New form factors enable higher compute density in small size for intelligent edge applications.

Xilinx has expanded its UltraScale+ portfolio with new cost-optimized devices. They’re made with TSMC’s state-of-the-art integrated fan-out (InFO) packaging technology, enabling high compute density in compact form factors for intelligent edge applications.
Chetan Khona - Xilinx
Chetan Khona
In an interview with EE Times, Chetan Khona, director of the industrial, vision and healthcare group at Xilinx, said, “Compute density matters. That’s why we are excited about the new InFO package, which allows us to provide substantial DMIPS per area, in an ultra-compact size.”

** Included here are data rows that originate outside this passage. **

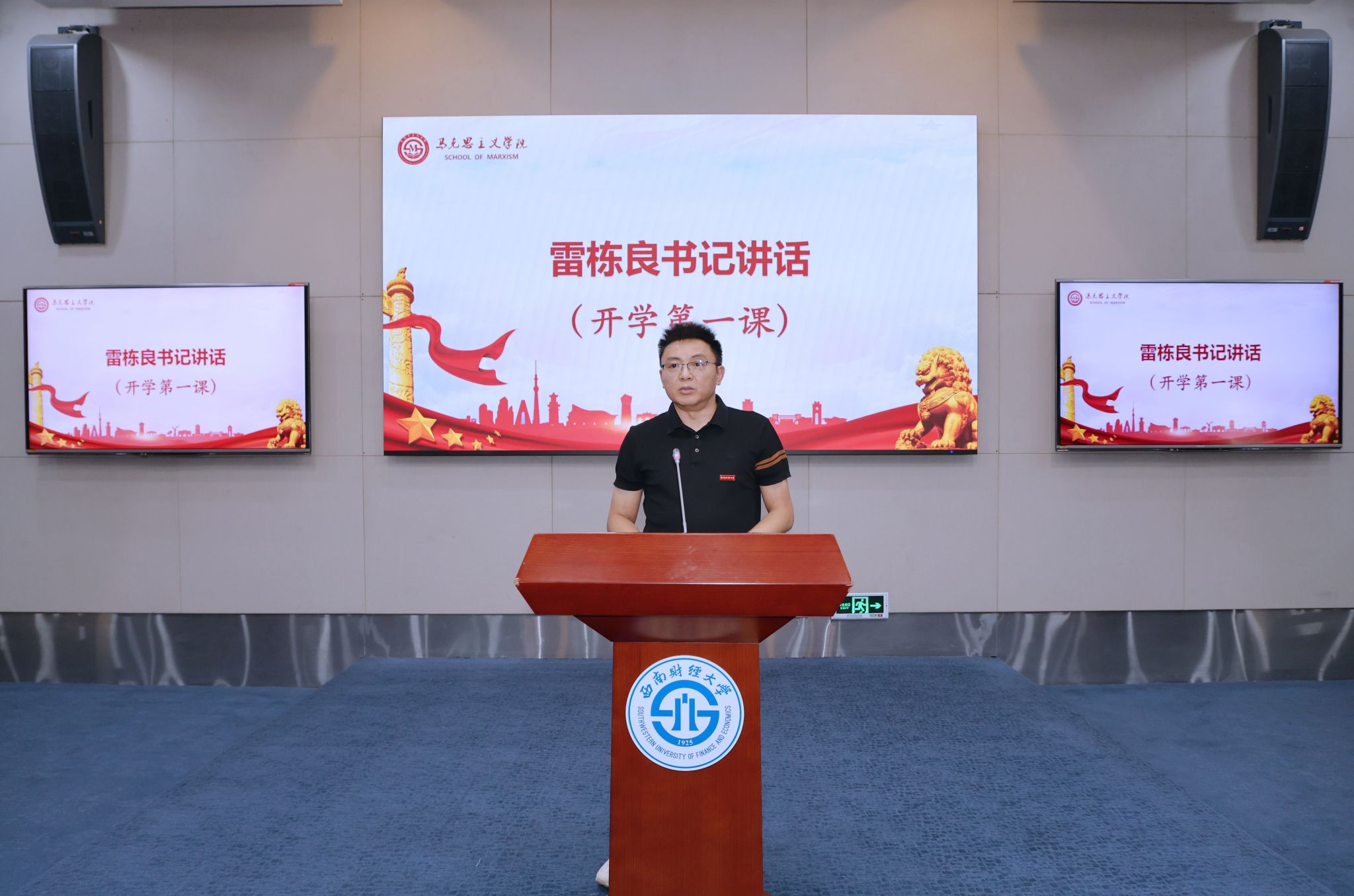 学院党委书记雷栋良以《绘好人生地图 践行核心价值》为主题,为全体新生带来了生动而深刻的“开学第一课”。雷栋良强调,做好人生规划是每位研究生同学必须面对的重要课题,为了引导同学们科学规划人生,他提出五个关键问题引导学生思考:你想没想未来样子?你该不该摆正位置?你能不能找准榜样?你要不要积极坚持?你敢不敢承担责任?他指出,作为西财马院的研究生,应强化“上游”意识,勇于“上游”担当,做出“上游”贡献,不仅在学业上追求卓越,更要在思想引领、社会影响上树立标杆。最后,他寄语同学们珍惜时光,积极行动,马克思主义学院将永远是他们最坚实的后盾。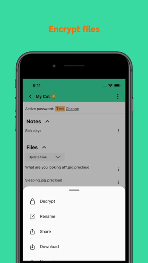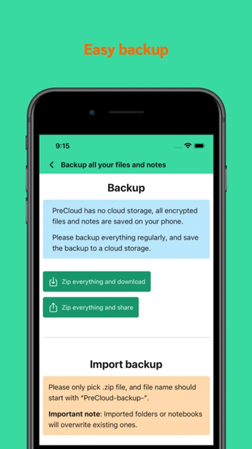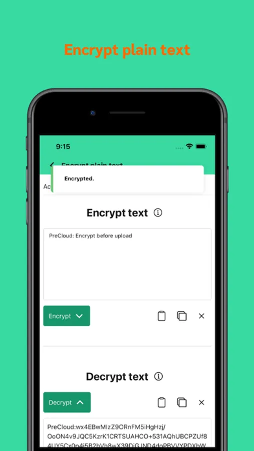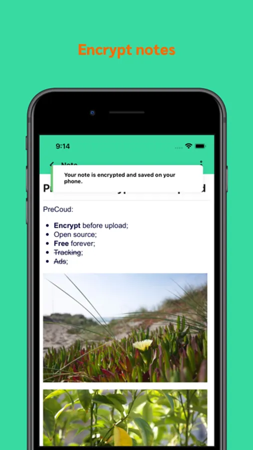 PreCloud has no server, everything happens on your device: your passwords, the encryption process, the encrypted files and notes.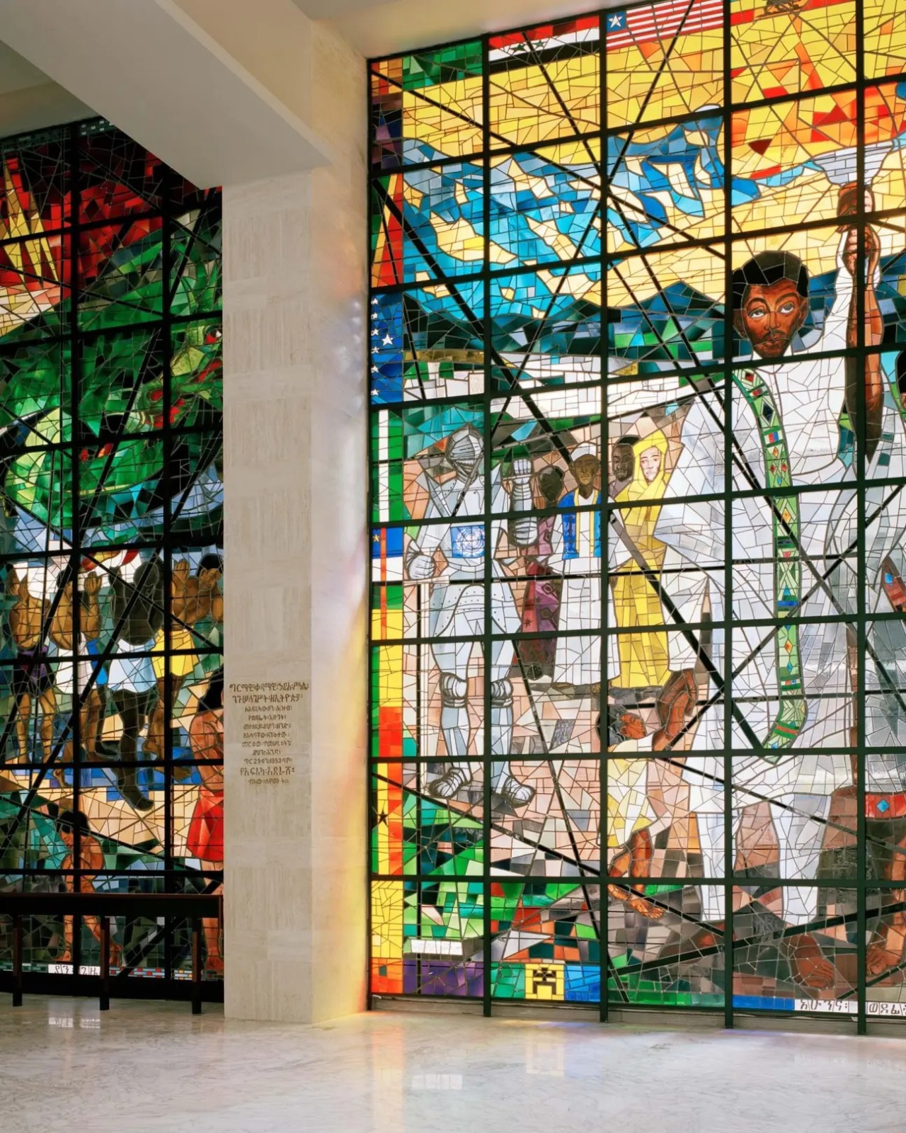 Mulatu wandelt het podium op in een veelkleurig hemdje waarin wij onmiddellijk één van de ontwerpen die de Ethiopische kunstenaar Afewerk Tekle maakte voor zijn glas-in-lood-triptiek in de Africa Hall in Addis Abeba, een werk getiteld The Total Liberation Of Africa. Het is een detail dat velen wellicht ontgaan zal zijn, maar waarmee Mulatu dus toch een subtiel statement maakte.

The new Artix and Zynq UltraScale+ devices aim to address the growing need to miniaturize at the edge and endpoint, with form factors Xilinx said are 70 percent smaller than traditional chip-scale packaging. The Artix UltraScale+ is a brand new family and evolution of the Artix 7, optimized for high I/O bandwidth and DSP compute. Key new features are serial I/O performance designed to support many connectivity standards in vision, video, networking and storage. The family also adds new security features and signal processing capability. Meanwhile, the new Zynq UltraScale+ is Xilinx’s is optimized for cost and power, with 40% less static power compared to its previous version. Khona said, “It has all the architectural features of the Zynq family so is completely code compatible; the main differences are reduced logic resources and new packaging.” The hardware adaptable devices based on 16 nm technology in TSMC’s InFO packaging are cost-optimized to address a wider range of applications within the industrial, vision, healthcare, broadcast, consumer, automotive, and networking markets. Using InFO enables Artix and Zynq UltraScale+ devices to meet the need for intelligent edge applications by delivering high-compute density, performance-per-watt, and scalability in compact packaging options. They also leverage the architecture and production-proven technology of Xilinx’s UltraScale+ FPGAs and MPSoCs, which collectively are already deployed in millions of systems worldwide.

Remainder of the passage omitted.